Voice AI security is not a model problem — it is a data-flow problem. The questions that decide whether a deployment is approvable concern where audio, transcripts, and PII travel; what the model provider retains; how recording consent is captured; and whether the deployment survives a regulator's data-flow diagram.

The four data flows that decide approval

Most security reviews collapse into four flows. Get clean answers on each, in writing, before procurement closes.

  • Audio in transit — codec, encryption, routing path, geographic transit
  • Audio at rest — recording storage, retention window, encryption at rest, deletion guarantee
  • Transcript and prompt — where it is stored, who can see it, whether it is used for model training
  • PII in tool calls — what is sent to systems of record, what is masked or tokenised before reaching the model

The compliance regimes that show up most often

Different regimes care about different parts of the stack; a single "compliance" answer rarely covers them all.

  • PCI DSS — applies the moment card data enters the audio stream; usually requires pause-and-resume or DTMF capture so the model never hears the digits
  • HIPAA — applies to PHI in healthcare contexts; requires BAAs across every data-handling vendor including model providers and recording storage
  • GDPR / UK GDPR — lawful basis, recording consent, data subject rights, transfer mechanisms outside the UK/EEA, DPIA artefacts
  • FCA / financial-services rules — call recording retention, vulnerable-customer handling, fair treatment evidence
  • Sector-specific — telco lawful intercept, insurance complaint logging, public-sector accessibility duties

Data residency — the question that breaks most pilots

Many voice AI platforms advertise multi-region deployment but route inference, fine-tuning, or evaluation through a single region. UK and EU buyers should ask, in writing: where is each of speech-to-text, language-model inference, text-to-speech, and recording storage physically processed and stored, for every call. "Available in EU" is not the same as "runs in EU end-to-end."

A voice AI announcement is not automatically a recording disclosure. Many jurisdictions require both — that the caller is informed they are speaking with an automated system and, separately, that the call is recorded. Conflating the two is the most common consent failure surfaced by post-deployment audits.

Model-provider data handling

The single highest-leverage clause to negotiate is whether the underlying model provider retains, logs, or trains on the audio, transcripts, or tool-call payloads. Default settings on hosted model APIs frequently allow some form of retention; enterprise tenancies typically do not. The voice AI platform usually controls this — but only if the buyer asks.

The questions that catch over-claims

Three questions consistently expose marketing gaps: show me a data-flow diagram for one complete call including every third party; show me where PCI-relevant data is masked, and what proves it; show me the retention and deletion policy for audio, transcript, and tool-call logs separately. If any of those answers is verbal-only, the deployment is not approvable.

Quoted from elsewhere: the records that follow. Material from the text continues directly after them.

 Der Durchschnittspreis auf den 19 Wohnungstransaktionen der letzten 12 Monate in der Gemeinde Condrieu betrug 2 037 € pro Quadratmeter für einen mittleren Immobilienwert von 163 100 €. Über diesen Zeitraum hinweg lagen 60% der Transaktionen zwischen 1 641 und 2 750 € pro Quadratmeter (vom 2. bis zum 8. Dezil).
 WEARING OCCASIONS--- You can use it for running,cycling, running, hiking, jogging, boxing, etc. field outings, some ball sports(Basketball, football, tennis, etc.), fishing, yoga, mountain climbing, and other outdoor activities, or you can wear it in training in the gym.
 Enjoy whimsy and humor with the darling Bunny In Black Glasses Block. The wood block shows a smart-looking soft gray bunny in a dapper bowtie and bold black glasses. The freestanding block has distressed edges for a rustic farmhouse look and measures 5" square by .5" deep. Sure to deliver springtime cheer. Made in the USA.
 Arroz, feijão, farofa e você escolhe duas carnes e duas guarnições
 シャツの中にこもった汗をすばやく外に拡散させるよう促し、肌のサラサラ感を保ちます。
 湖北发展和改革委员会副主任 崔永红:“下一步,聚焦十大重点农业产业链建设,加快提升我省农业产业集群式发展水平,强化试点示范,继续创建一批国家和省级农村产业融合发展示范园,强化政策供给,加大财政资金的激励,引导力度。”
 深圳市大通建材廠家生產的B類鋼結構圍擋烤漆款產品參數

The compliance gates that decide vendor shortlists in BFSI and healthcare

Three gate criteria reliably decide which vendors make it past a regulated buyer's first round. They are not weighted dimensions; failing any one removes the vendor from consideration.

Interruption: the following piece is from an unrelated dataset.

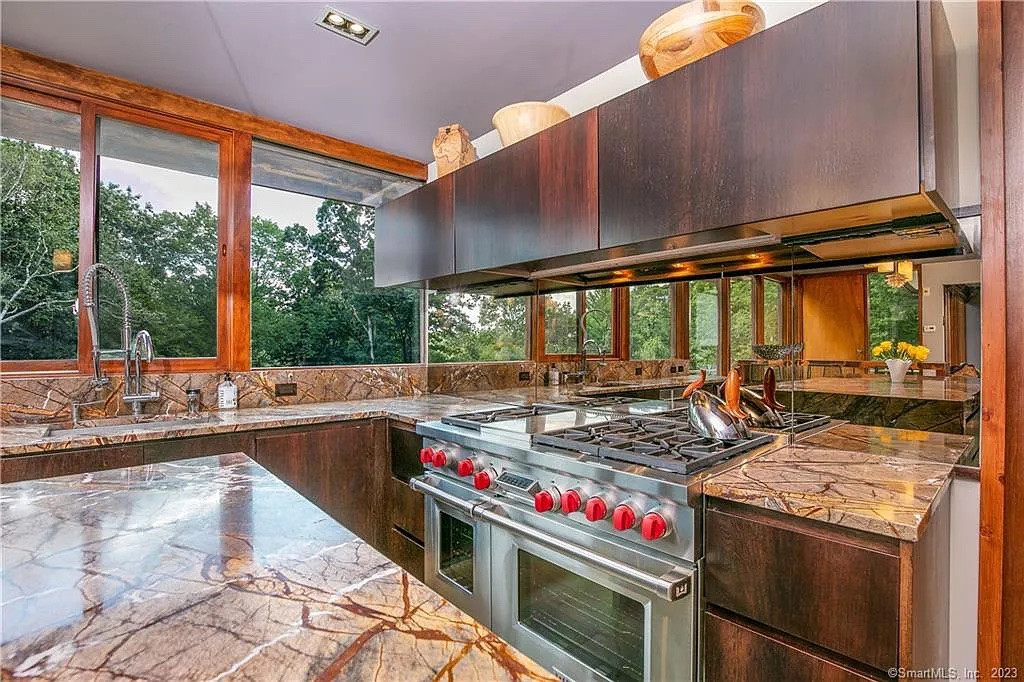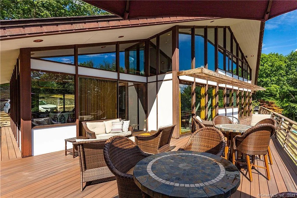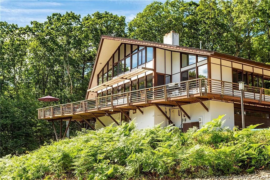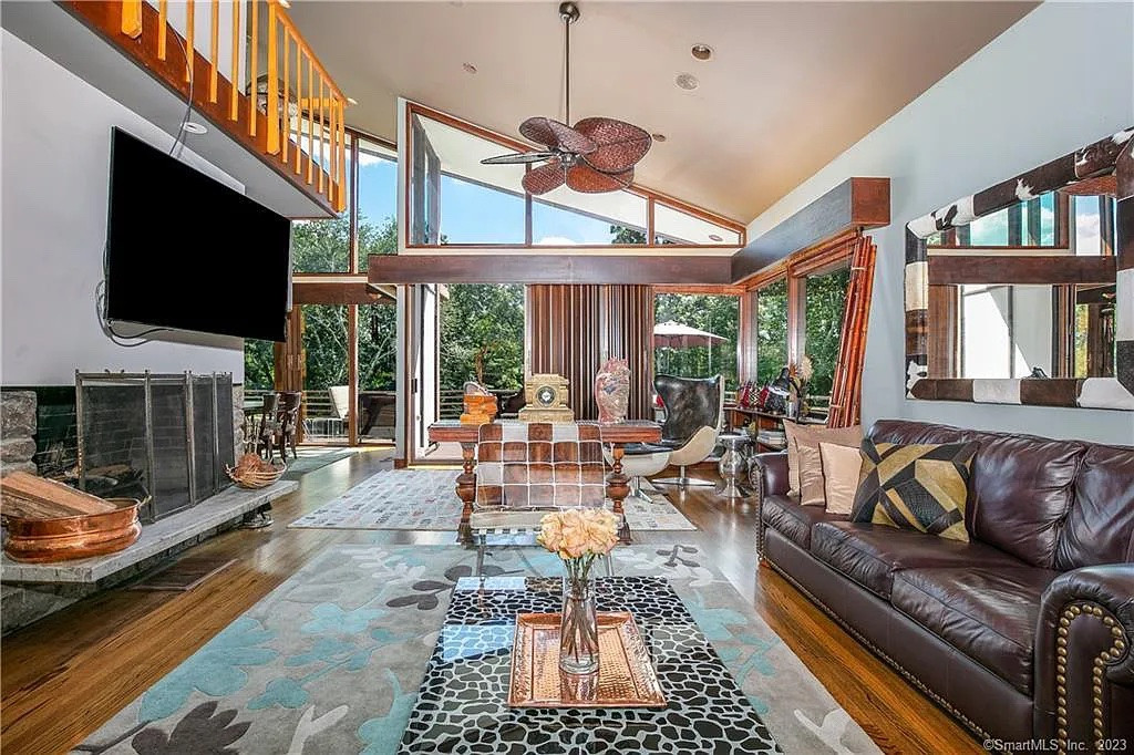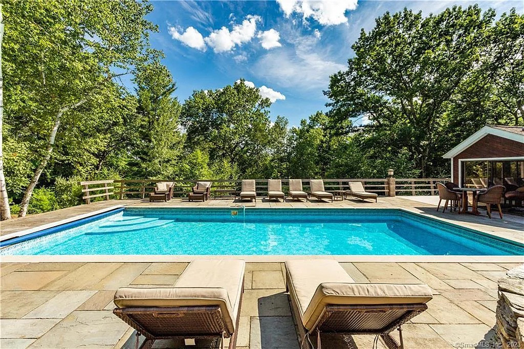 With nearly 4,000 square feet, five bedrooms and five bathrooms, this Contemporary in Litchfield is set on over seven acres. Its exapnsive windows and wraparound deck offer lots of natural light. The living room features high ceilings and the dining room has two-story windows. The lower level includes a bedroom, kitchen, family room and a fireplace. Walk through a stone path to the heated pool and a cabana. Listed at $995,000 by William Pitt Julia B Fee Sotheby's International Realty.

  • Data residency that matches the regulatory jurisdiction, demonstrable per call
  • Recording and consent handling that survives an audit, including jurisdictional variation
  • DPIA (Data Protection Impact Assessment) and DPA (Data Processing Agreement) support that the procurement and legal teams can sign without exception

PII handling on the voice path — the patterns that work

Voice AI handles more sensitive data per turn than almost any other enterprise system. Three patterns recur in defensible implementations.

  • Tokenisation at the speech-to-text boundary — sensitive fields are extracted and replaced with tokens before the transcript hits the language model
  • Redaction at the storage boundary — transcripts retained for review have sensitive fields removed at write time, not retrospectively
  • Just-in-time decryption for the language model — sensitive data is decrypted in the context of a single turn and not retained in conversation state

PCI on the voice path

Payment card data on a voice call is the most-regulated piece of data the system will handle. The defensible pattern is a dedicated capture surface — DTMF-based card entry routed through a separate, PCI-scoped path — rather than allowing card numbers into the speech-to-text stream at all. Some platforms now support voice-based card capture with full PCI scope reduction; verifying the QSA-attested implementation in detail is non-negotiable before going live.

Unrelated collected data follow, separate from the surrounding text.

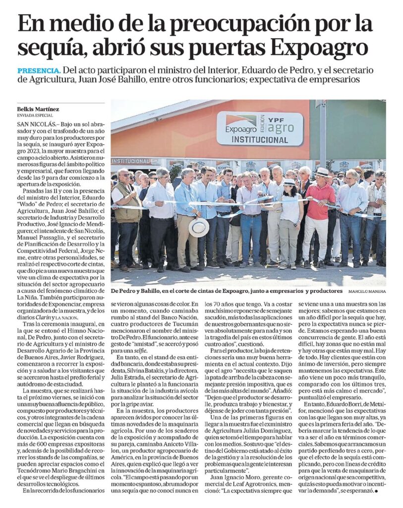 Pasadas las 11 y con la presencia del ministro del Interior, Eduardo «Wado» de Pedro; el secretario de Agricultura, Juan José Bahillo; el secretario de Industria y Desarrollo Productivo, José Ignacio de Mendiguren; el intendente de San Nicolás, Manuel Passaglia, y el secretario de Planificación de Desarrollo y la Competitividad Federal, Jorge Neme, entre otras personalidades, se realizó el respectivo corte de cintas, que dio pie a una nueva muestra que vive un clima de expectativa por la situación del sector agropecuario a causa del fenómeno climático de La Niña. También participaron autoridades de Exponenciar, empresa organizadora de la muestra, y de los diarios Clarín y la nacion.
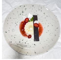 Traditional Italian cream pudding cooked with white chocolate, and berries sauce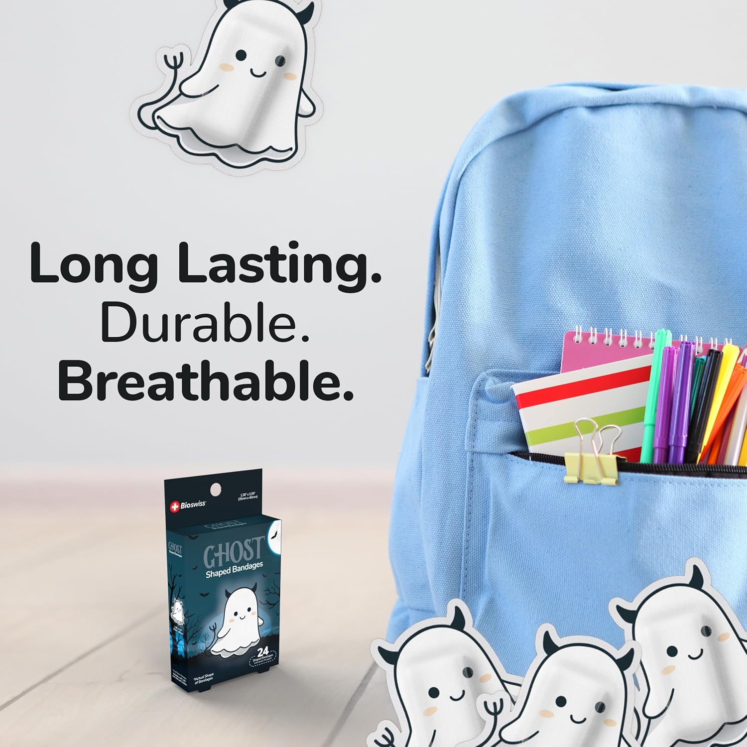- GHOST HALLOWEEN BANDAGES: This 24 piece pack of frightfully fun Halloween Ghost bandages is great for putting a smile on kids' faces while protecting wounds such as cuts, scrapes, and burns; sticky bandages are perfect for kids and adults alike, and also for school nurses and pediatric doctors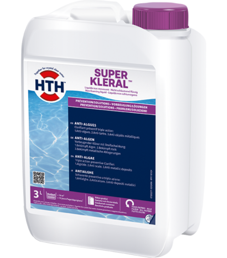 Descriptif de hth Super KLERAL anti-algues antitartre séquestrant métaux piscine Vous avez une piscine familiale ? Vous possédez une grande famille avec enfants ou vous avez l'habitude de convier beaucoup de baigneurs ? Ne cherchez plus, voici le produit de traitement idéal pour les piscines agitées telle que la vôtre ! Super KLERAL hth liquide assure 3 actions d'entretien de votre eau : Il combat les algues survenues par les bactéries et l'air atmosphérique Il combat le tartre Il séquestre les dépôts métalliques Avec hth Super KLERAL, vous obtenez une eau claire et cristalline, bien traitée. C'est l'assurance d'une baignade agréable. Exclusif sur le marché, le produit est reconnu non moussant, sans cuivre et efficace quel que soit le taux de pH de votre eau. Pour une meilleure optimisation de la qualité de l'eau (préventif), vous pouvez associer Super KLERAL hth anti-algues avec les produits à base d'oxygène actif. Produit compatible avec le PHMB Dosage standard : - A la mise en service = 200 ml pour 10 m3 d'eau - Toutes les deux semaines = 200 ml pour 10 m3 d'eau - Curatif = 400 ml pour 10 m3 d'eau Produit non moussant aux dosages recommandés Utilisez les produits chimiques de traitement d'eau avec précaution. Avant toute utilisation, lisez les consignes inscrites sur l'emballage du produit et rendez-vous sur le site officiel du fabricant depuis notre page dédiée à la marque hth® ...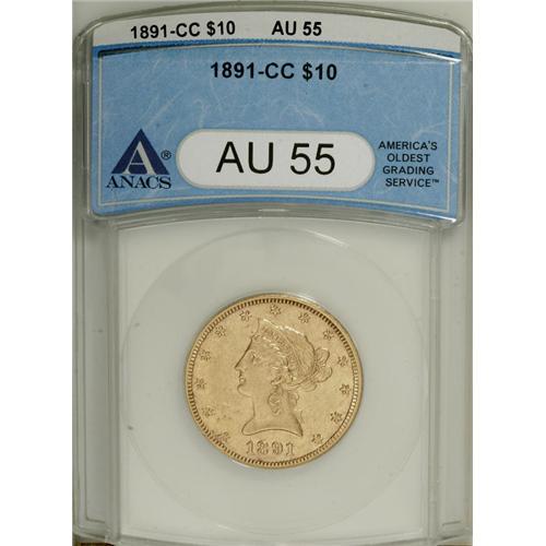 <B>1891-CC $10 AU55 ANACS.</B></I> A briefly circulated Carson City gold type coin with noticeable luster and a few subdued marks on the left obverse field.<BR><BR><b>Shipping:</b> Coins & Currency (<a target="_blank" href="http://www.heritageauctions.com/common/shipping.php">view shipping information</a>)
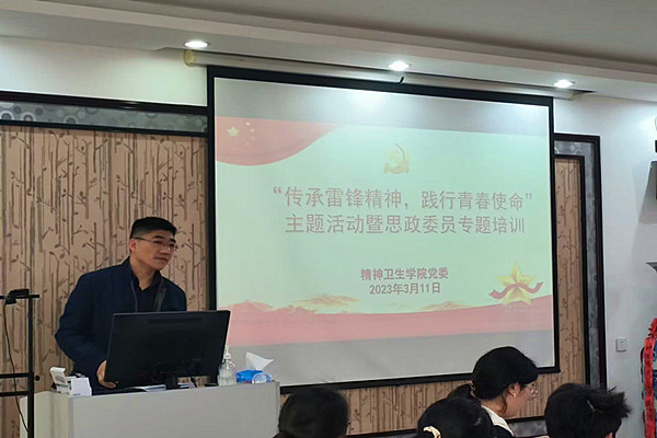 3月11日,班级思政委员每月一期专题培训在E座五楼举行。本期培训主题是“传承雷锋精神,践行青春使命”。精神卫生学院师生联合党支部书记、辅导员潘梦蝶主持培训会。学院党委书记马嬿、副书记李礼到会指导,学院各班级思政委员及各学生社团骨干参加培训会。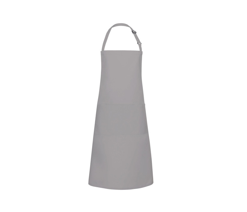 Latzschürze mit Bändern aus dem gleichen Material. Verstärkte Nähte. Länge der Bänder bis 70 cm verstellbar. Bänder mit Schnallen. Aufgesetzte Tasche mit 2 Fächern (40x20 cm). Größe: 75x90 cm.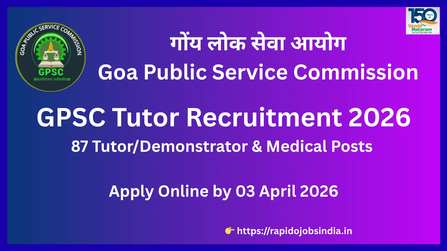 Apply for 87 Tutor/Demonstrator & Medical posts at Goa PSC. Online applications open till 03 April 2026.

Call recording is the operational backbone of voice AI — without it, the conversation owner has nothing to review and the regulator has nothing to audit. The implementation needs to respect three constraints simultaneously: jurisdictional consent requirements (one-party in some jurisdictions, two-party in others), the right to erasure under GDPR and UK GDPR, and the retention requirements set by sector regulators. A single global recording rule rarely satisfies all three.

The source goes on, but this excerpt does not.